Benchmark

How High-Skilled Immigrants May Hurt Workers and Help Consumers

A boost for consumers and company profits, a loss for computer-worker wages
Lock
This article is for subscribers only.

High-skilled immigrants hurt tech-industry workers in the 1990s and helped U.S. consumers, a pertinent finding at a time when America's migration policies might be headed for change.

President Donald Trump's administration hasn't detailed how it will handle high-skilled immigration, but based on a draft executive order, the administration may push companies to try to hire Americans first and make it more difficult for lower-paid roles to qualify for H-1B skilled-worker visas. The study below is one in a long list of visa-related economic work that could help to inform how such policies shape up. We've also summed up research on where undocumented immigrants tend to live, the future of economic growth, and consumers' reactions to income surprises. Finally, we take a look at Millenials' moving patterns.

Check this research roundup every Tuesday for the latest in relevant economic studies.

Skilled immigrants have a mixed effect on the industries where they tend to work, a new National Bureau of Economic Research paper finds. The researchers focus on H-1B visas, which are reserved for specialty workers and are heavily used by technology companies, during the Internet boom years of 1994 to 2001. Without immigration in that category, American computer scientists would have seen higher wages to the tune of 2.6 percent to 5.1 percent and would have enjoyed 6.1 percent to 10.8 percent higher employment, they find.
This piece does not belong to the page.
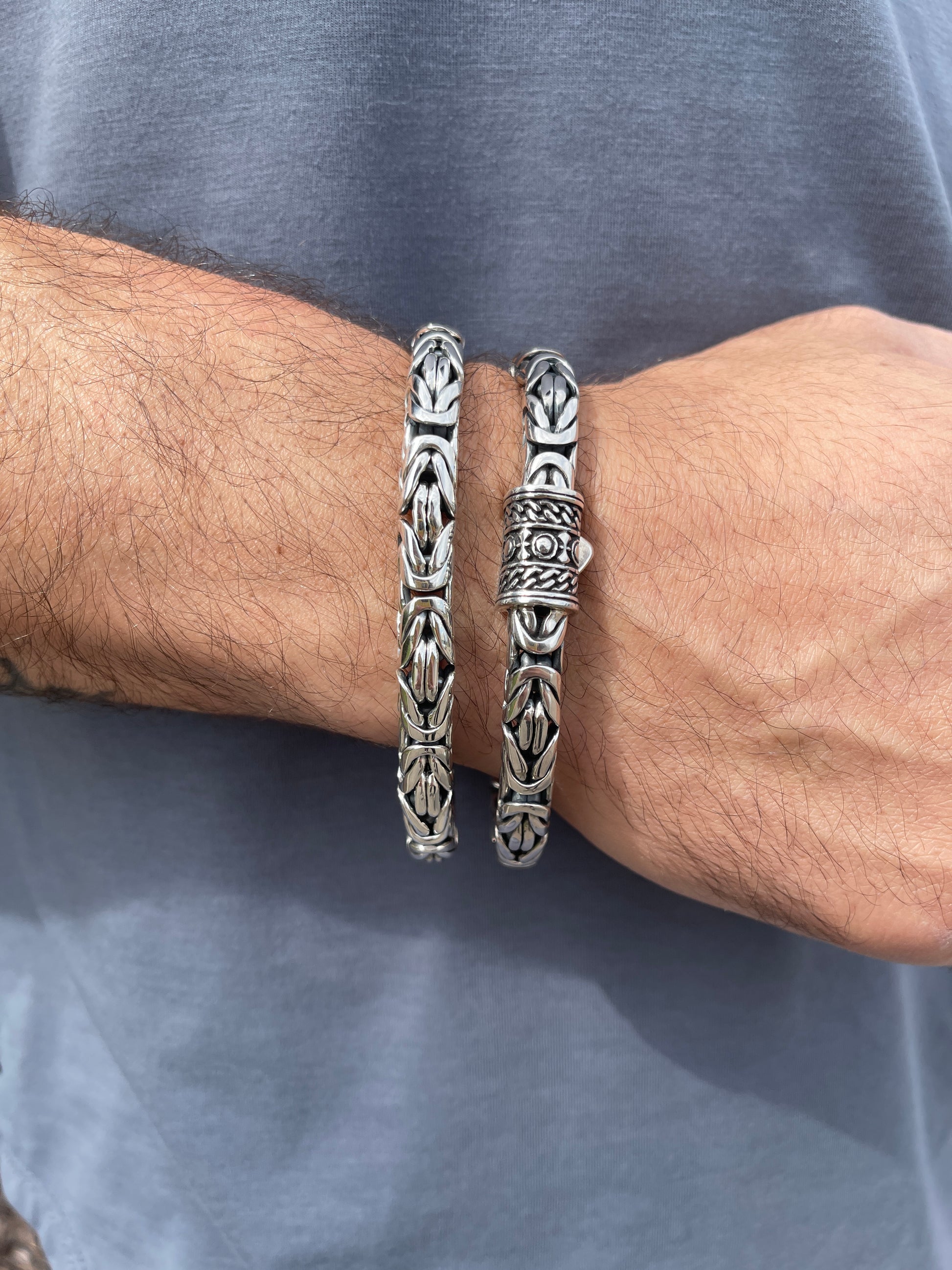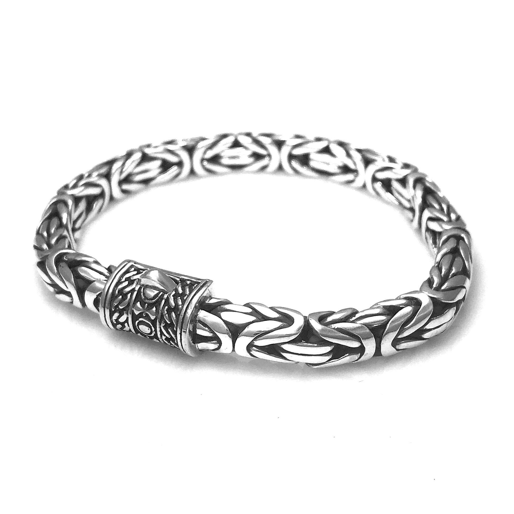 The Daron bracelet is one of Garni’s most distinctive Byzantine patterns. Simultaneously looped and interwoven, this bracelet is gracefully fastened together by a funky tri-designed clasp.
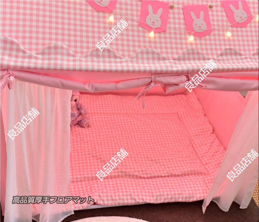 内容: 小屋+白いレースカーテン付き/厚手フロアマット+旗(LEDカラーライトはや他の人形など飾りものは付属しておりません)

On the other hand, U.S. consumers would have paid more for technology goods and companies would have missed out on stronger profits.

The model is "far too simple" to base future immigration policy around, the authors warn. But it does suggest that unlimited high-skill immigration, such as awarding green cards to all foreign students attending American universities, could carry drawbacks for U.S. workers, and benefits to consumers.